I will take advantage of this behavior one of the methods.

#### Homogeneous Sylvester Equation

If I take `C` to be zero, and flip the sign of `B`, the Sylvester equation becomes

`(1) A*X = X*B`

This is our *homogeneous* Sylvester equation and I've labeled it `(1)`. It turns out that `(1)` has a nonzero solution if and only if `A` and `B` have at least one eigenvalue in common. Nothing is required of the *rank* of the solution `X`, but it is clear that this rank cannot exceed the number of eigenvalues that `A` and `B` have in common.

Equation `(1)` is a *linear* equation. If `X` and `Y` are solutions, so is `alpha*X + beta*Y` for any scalars `alpha` and `beta`.

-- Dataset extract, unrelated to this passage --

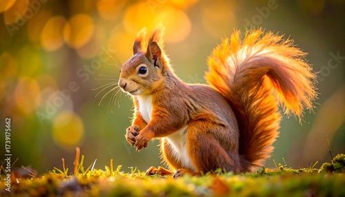 A charming red squirrel, bathed in golden sunlight, perches alertly on a bed of moss and grass, its fluffy tail highlighted against a bokeh background

In order to have compatible dimensions, `A` and `B` have to be square, but they do not have to be the same size. If `A` is `m-by-m` and `B` is `n-by-n`, then `X` is `m-by-n` .

#### Moler's Laws

My fundamental Laws of Scientific Computing are:

- The hardest things in the world to compute are things that do not exist.
- The next hardest are things that are not unique.

Problems which fail to have unique solutions are *ill-posed*. Even when solutions exist, they are wildly sensitive to perturbations.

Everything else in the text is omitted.